Dear all, I have two competing models based on sampling healthcare facilities.

The models are binomial and try to model vaccine effectiveness for some disease.

For each hospital facility (~400) I have the number of cases and the denominators.

I’m evaluating two competing models, one (mod1) using a random intercept for the interfacility variation and one (mod2) using a beta-binomial model to account for the facility-related overdispersion.

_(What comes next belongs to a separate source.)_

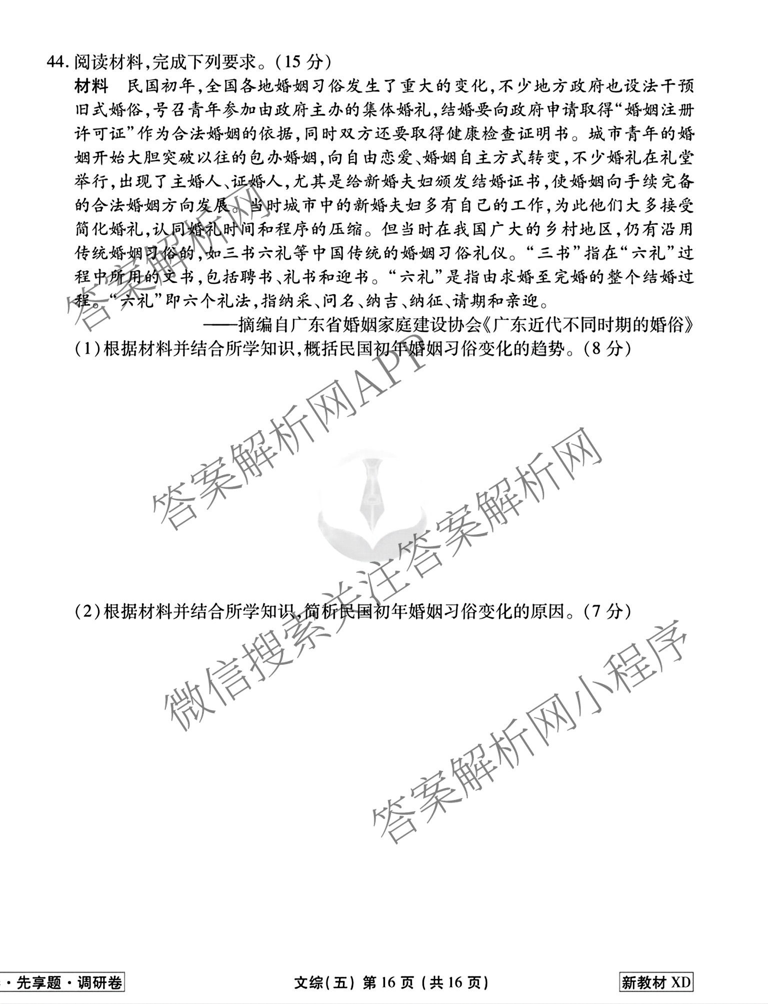 衡水金卷先享题·调研卷 2024年普通高等学校招生全国统一考试模拟(五)5文综(新教材 XD)试题,目前衡水金卷先享题答案网已经汇总了衡水金卷先享题·调研卷 2024年普通高等学校招生全国统一考试模拟(五)5文综(新教材 XD)试题的各科答案和试卷,获取更多衡水金卷先享题答案解析,请在关注本站。

apparently model 1 performs better:

```
brms::loo_compare(brms::loo(mod1), brms::loo(mod2))
elpd_diff se_diff
mod1 0.0 0.0
mod2 -89.5 63.2
```

But the first model has a lot of observations with high Pareto_k:

```
> brms::loo(mod1)
Computed from 15000 by 746 log-likelihood matrix.
Estimate SE
elpd_loo -1808.8 71.7
p_loo 498.0 36.0
looic 3617.7 143.4
------
MCSE of elpd_loo is NA.
MCSE and ESS estimates assume MCMC draws (r_eff in [0.4, 2.3]).
Pareto k diagnostic values:
Count Pct. Min. ESS
(-Inf, 0.7] (good) 384 51.5% 130
(0.7, 1] (bad) 306 41.0% <NA>
(1, Inf) (very bad) 56 7.5% <NA>
```

while the second model had almost none:

```
> brms::loo(mod2)
Computed from 15000 by 746 log-likelihood matrix.
Estimate SE
elpd_loo -1898.4 42.6
p_loo 34.0 2.1
looic 3796.7 85.2
------
MCSE of elpd_loo is NA.
MCSE and ESS estimates assume MCMC draws (r_eff in [0.5, 1.7]).
Pareto k diagnostic values:
Count Pct. Min. ESS
(-Inf, 0.7] (good) 745 99.9% 3525
(0.7, 1] (bad) 1 0.1% <NA>
(1, Inf) (very bad) 0 0.0% <NA>
```

Could it be that the first model is showing too much sensibility to individual observetations, i.e. the better performance is due to overfitting?

The results are similar:

```
# model 1
Hypothesis Tests for class b:
Hypothesis Estimate Est.Error CI.Lower CI.Upper Evid.Ratio Post.Prob Star
1 ((1-plogis(Vaccin... > 0 0.64 0.1 0.46 0.79 Inf 1 *
# model 2
Hypothesis Tests for class b:
Hypothesis Estimate Est.Error CI.Lower CI.Upper Evid.Ratio Post.Prob Star
1 ((1-plogis(Vaccin... > 0 0.75 0.13 0.52 0.92 14999 1 *
```

with the second model showing higher vaccine effectiveness values and a tighter credibility interval but also higher Est.Error

What reasoning should drive me in the choice between the two models?